The impeachment game is already well underway, regardless of whether the Republican leadership cares to acknowledge the fact. And if the GOP refuses to suit up and take to the field now, the final score becomes distressingly predictable and unpleasant.

Perhaps the strangest aspect to this, however, is that the Republican leadership does not even seem to recognize who their opponent is. As noted by veteran conservative writer Richard Viguerie late last month in his flagship online newspaper, Conservative HQ, House GOP leaders cling to the absurd belief that it is conservatives who are causing the party’s poll numbers to dip.

If the GOP leadership really believes its chances to retain control of the House rise or fall based not on how vigorously it fights Democrats and that party’s agenda – but on whether it can rein in conservatives within the GOP – it will doom Republicans to significant losses in November and dramatically increase the chances that President Trump will be impeached.

If, on the other hand, Republicans focus on drawing clear and actual distinctions between themselves and those who seek to wrest the House majority from them, the dynamics change dramatically in their favor. Such a strategy – given the will to pursue it – is relatively simple, even in the context of an opposition party clearly intent on impeaching the Republican president.

First of all, the GOP should reject the oft-quoted but largely misunderstood notion, attributed to former Speaker Tip O’Neill, D-Mass., that “all politics is local.”
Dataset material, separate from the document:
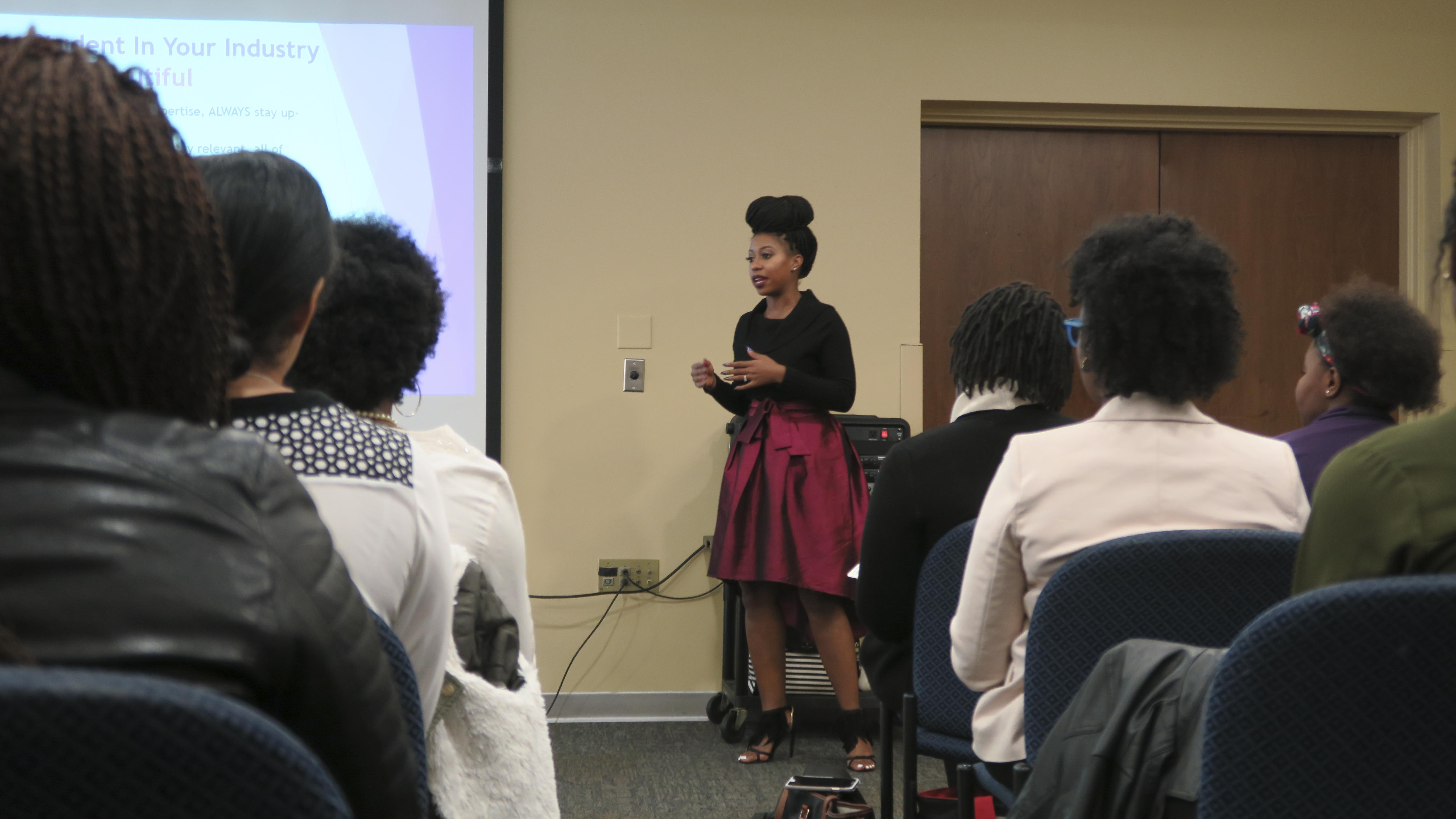 Brittney S. Carter, founder and CEO of B. Carter Solutions, LLC spoke at the professional development workshop. Carter spoke on building a brand, presenting your best self and using social media as a business tool. She connected with listeners by sharing her personal experiences/stories.

Trump’s astonishing 2016 victory had nothing to do with “local” politics. Neither did Ronald Reagan’s in 1980. The tsunami that swept four decades of Democratic control out of the House in 1994 also had little to do with “local” issues; it had everything to do with broad, national issues like gun control and tax reform. History is fairly clear on this score – the Republicans win when the elections focus on national issues.

Even if Republican leaders refuse to learn from President Trump’s 2016 winning game plan, all they have to do is consider the issues on which the grassroots supports him now. Trump’s agenda is a national agenda; it presents a clear and distinct break with that of the Democratic Party.

The president favors true immigration reform – Democrats don’t. The president supports freeing businesses from strangling regulations that hamper the market – Democrats don’t. The president supports local control of schools – Democrats don’t. And the president wants you to pay less in taxes – the Democrats want you to pay a lot more. There are plenty of other examples of differences between President Trump and Democrats.

These issues, and many others, are clear winners for Republicans in the House. They should be vocally advocated in both legislation as well as in political arenas.

Republicans need not fawn over every Trump tweet. But it would seem to be a no-brainer to support the president’s agenda openly, and to back him up in the House through legislative actions, spending bills reflective of that agenda, and strong opposition to Democratic moves trying to undo his regulatory reform.

If House Republicans do all this – while also drawing attention to the manner in which the Democrats are waving the impeachment flag wildly and in a manner clearly designed to overturn what Hillary Clinton lost for them two years ago – the Republicans may regain their fighting edge and maintain a majority that right now is slipping through their fingers.

Former Rep. Bob Barr was a member of the U.S. House of Representatives from Georgia from 1995 to 2003. He now practices law and heads Liberty Strategies, a consulting firm in Atlanta.